Step 2: Understand the Root Causes ”The Problem Behind the Problem
Once you have an understanding of the larger problem, your team can use a variety of techniques to gain an understanding of its causes. One such technique is root cause analysis , which is a systematic way of uncovering the root, or underlying, cause of an identified problem or a symptom of a problem.
For example, consider a real-world example: a mail-order catalog company, which we'll call GoodsAreUs, manufactures and sells a variety of inexpensive, miscellaneous items for home and personal use. As the company addresses the problem of insufficient profitability, it uses total quality management (TQM) techniques for problem solving learned in its quality program. Based on this experience, the company quickly focused on its cost of nonconformance , which is the cost of all the things that go wrong and produce waste, scrap, and other excess costs. This cost includes rework , scrap, customer dissatisfaction, employee turnover , and other factors that are negative-value activities. As the company quantified its cost of nonquality, it suspected that production waste, or "scrap," was one of the largest contributors. This problem of excess scrap, then, is the next problem the company is trying to solve since it directly affects the larger problem of the cost of nonconformance, which in turn affects profitability .
But we are not yet done, for we must still understand the root cause, or the problem behind the problem in scrap, so we can discover a problem that we can directly fix. To do so, it is necessary to determine what factors contribute to the scrap problem. TQM teaches us the use of the fishbone diagram (see Figure 5-1) to identify the problems behind the problem. In our specific analysis, the company identified many sources that contributed to scrap. Each source was listed as one of the "bones" on the diagram.

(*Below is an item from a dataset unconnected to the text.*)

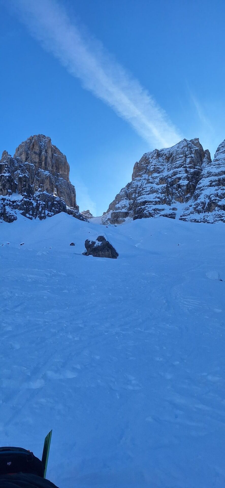 Den Rest bis zur Scharte harter windgepresster Schnee. Dementsprechend dann die Abfahrt ein Mix aus Bruchharsch, windgepresstem Schnee und ein paar Stellen sogar Pulver.
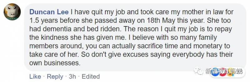 “我辞掉了工作来照顾我的岳母长达1年半,直到她在今年5月18日过世。她也患上失智症,行动不便只能卧病在床。我辞掉工作的原因是为了回报她的恩情。我相信有那么多家人在旁,你应该能够牺牲一些时间和金钱来照顾她。所以请不要再找借口说每个人都很忙有自己的事情要处理。”

Figure 5-1. Fishbone diagram of root causes
OK, so how do you determine the root causes? Well, it just depends. In many cases, it's a simple matter of asking the people directly involved what they think the root cause is. It's amazing how much people do know about the problem behind the problem; it's just that no one ”by which we usually mean management ”had taken the time to ask them before. So, ask them, and then ask them again .
If the problem is more serious and simply asking those affected doesn't create a sense of comfort , it may be necessary to perform a detailed investigation of each contributing problem and to quantify its individual impact. This could vary from perhaps simple brainstorming by participants who have knowledge of the space to a small data collection project or, potentially , to a more rigorous experiment. In any case, the goal is to quantify the likely contribution of each root cause.
Addressing the Root Cause
Of course, the engineer in all of us would like to fix all of the root causes on the "bones" of the diagram. This seems like the right thing to do. But is it? Often, it is not ; quality data routinely shows that a number of root causes are simply not worth fixing , as the cost of the fix exceeds the cost of the problem. How do you know which ones to fix? You must determine the materiality, or contribution, of each root cause. The results of this investigation can be plotted as a Pareto chart or a simple histogram that visually exposes the real culprits.
Back to our example. Let's suppose that the data gathering produced the results shown in Figure 5-2. As you can see, the team discovered that a single root cause ”"inaccurate sales orders" ”produced half of all scrap. If, in turn, the existing sales order system was found to be a poor example of legacy code, complete with a user -vicious interface and nonexistent online error handling, there may indeed be opportunity to cut scrap through development of new software.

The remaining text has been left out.